Choosing The Right School For Your Child*

Choosing where to send your child to school can be as daunting as it is exciting. You might live in an area where there are lots of potential options for primary and secondary schools.

You might want to send your child to a local primary school, or perhaps you want to send them to a boarding school like There are a number of different options to consider.

But how do you narrow down your choices and find the right fit for your child?

Types of school

The first thing to look at is the type of school you could send your child to:

State schools are the most common, they follow the national curriculum and make up the majority of schools in the UK. Different schools have different entry requirements, for example grammar schools often require an exam prior to entry as pupils are commonly selected based on academic ability.

Special schools are schools with specialised equipment and training to help teach children that have various special educational needs. This includes being able to help with specific aspects of development or allowing a child to learn while also helping with the management of a long-term condition.

Faith schools are very much the same as a state school, however they can also teach elements of a specific religion as the religious studies aspect of the curriculum. They might also operate their own specific admissions criteria.

You might be able to rule out certain schools based on how they meet your child’s needs.
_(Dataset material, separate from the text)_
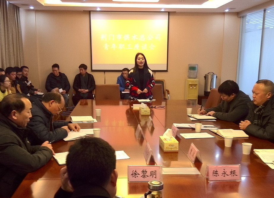 1月22日下午,市供水總公司召開青年職工座談會??偣究偨浝?、黨委書記陳永根出席會議并講話,總公司黨委副書記、紀委書記徐黎明,副總經理曾波和部分中層干部及30余名青年職工代表參加座談。

For example you might not require a place at a special school helping you to focus your search in other areas.

Admission criteria

One way to narrow down your choice of school is to look at your current list of choices and see which schools your child meets the admission criteria for. For many schools this can be a mixture of the following:

  • Adhere to a particular religion (for faith schools)
  • Are currently in care or being looked after
  • Live in the local catchment area
  • Who do well in the entrance exams (this applies to schools with a selection process, such as grammar schools or stage schools)
  • Who have a sibling already at the school
  • Who went to a particular primary school (can influence entry into certain high schools)

You might be able to use these to narrow down your choices, for instance you might be able to rule out some schools based on religion, or the distance from home. This helps you to make your list of potential options much more relevant to your child.

Doing your research

Once you have your list of potential schools for your child the next step is to carry out research.

Researching different schools can take different forms. This can be as easy as requesting a prospectus to give you a very top-level insight into a school and what it can offer your child.

You should look at going along to open days. Take the opportunity to have a look around, look at the facilities, meet the faculty and try to get a much more personal feel for the school. Take your child along and see what they think too, especially as they will be spending a lot of time there, so it’s important that they feel comfortable.

Open days and prospectuses are very good at presenting an image of a school to people, you should always look a little deeper than this. Maybe you have friends or family who have sent their children to the same schools. Try talking to them, what do they think, are their children happy at the school? What are the teachers like to deal with? Taking the time out to speak to people can give you extra insight you might not necessarily have had.

If you don’t know anyone who’s had dealings with a school before then try looking online. You should be able to find feedback from parents, inspection results and Ofstead ratings which can help to fill in any gaps and ease any reservations you might have about a school.

Talk to the school

The last thing you need to keep in mind when it comes to talking to and researching a school is that if there are any specific questions or worries you have then contact the school in question.

Ask specific questions, perhaps even arrange to go in and have a chat. There’s no harm in getting the information you need, especially when it all relates to something as important as your child’s education.

Doing your research and narrowing your search down is massively important, it streamlines the entire application process by giving you a clearer idea of where you would like to send your child and puts you on the right path to guaranteeing that they get the best education available to them. 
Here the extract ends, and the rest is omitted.